### About this task:
Find, in the records below, the line that contains "首先探究疑问1场景,我们在k" and the line that contains "Almofada Coração Pelúcia". Copy those two lines and everything between them exactly, but not the pictures.

Provided entries START

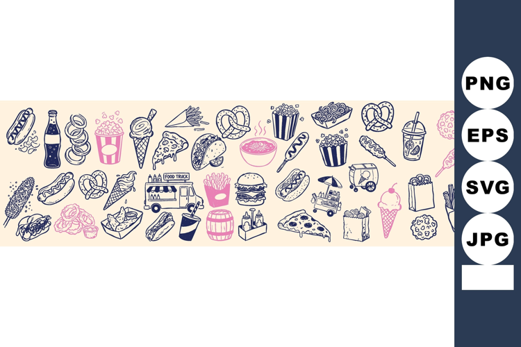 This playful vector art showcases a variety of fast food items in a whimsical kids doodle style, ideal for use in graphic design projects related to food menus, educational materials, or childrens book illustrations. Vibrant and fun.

Provided entries END
Provided entries START

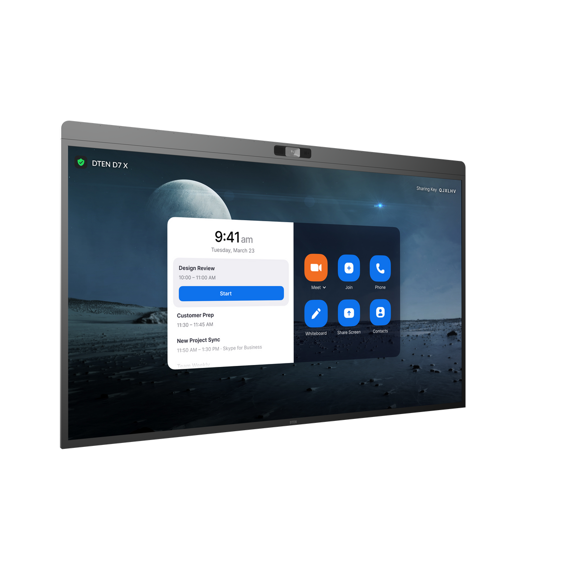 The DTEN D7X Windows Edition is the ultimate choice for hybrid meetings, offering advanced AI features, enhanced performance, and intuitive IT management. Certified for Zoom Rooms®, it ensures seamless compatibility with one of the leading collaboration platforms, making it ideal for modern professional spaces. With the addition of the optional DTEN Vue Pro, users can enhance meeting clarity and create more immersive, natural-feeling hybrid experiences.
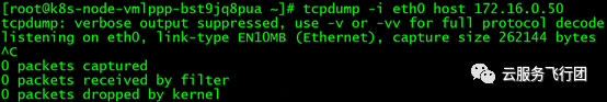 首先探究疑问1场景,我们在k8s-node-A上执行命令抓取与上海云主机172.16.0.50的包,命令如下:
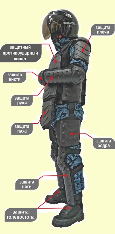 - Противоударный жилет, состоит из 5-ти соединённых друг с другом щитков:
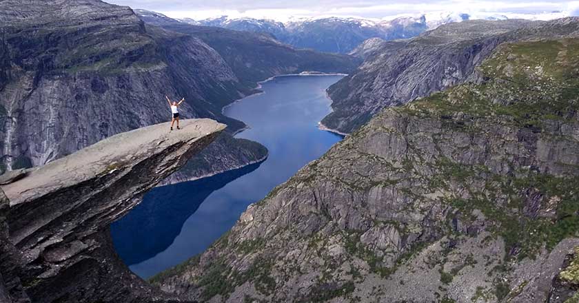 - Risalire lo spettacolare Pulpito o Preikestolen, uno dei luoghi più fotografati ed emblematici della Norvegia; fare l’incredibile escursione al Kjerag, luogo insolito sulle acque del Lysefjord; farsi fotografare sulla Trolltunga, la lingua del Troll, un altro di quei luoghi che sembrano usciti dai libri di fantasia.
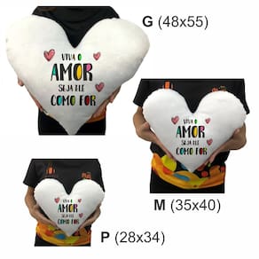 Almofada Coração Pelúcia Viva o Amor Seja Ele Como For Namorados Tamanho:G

Provided entries END

### The answer:
 首先探究疑问1场景,我们在k8s-node-A上执行命令抓取与上海云主机172.16.0.50的包,命令如下:
 - Противоударный жилет, состоит из 5-ти соединённых друг с другом щитков:
 - Risalire lo spettacolare Pulpito o Preikestolen, uno dei luoghi più fotografati ed emblematici della Norvegia; fare l’incredibile escursione al Kjerag, luogo insolito sulle acque del Lysefjord; farsi fotografare sulla Trolltunga, la lingua del Troll, un altro di quei luoghi che sembrano usciti dai libri di fantasia.
 Almofada Coração Pelúcia Viva o Amor Seja Ele Como For Namorados Tamanho:G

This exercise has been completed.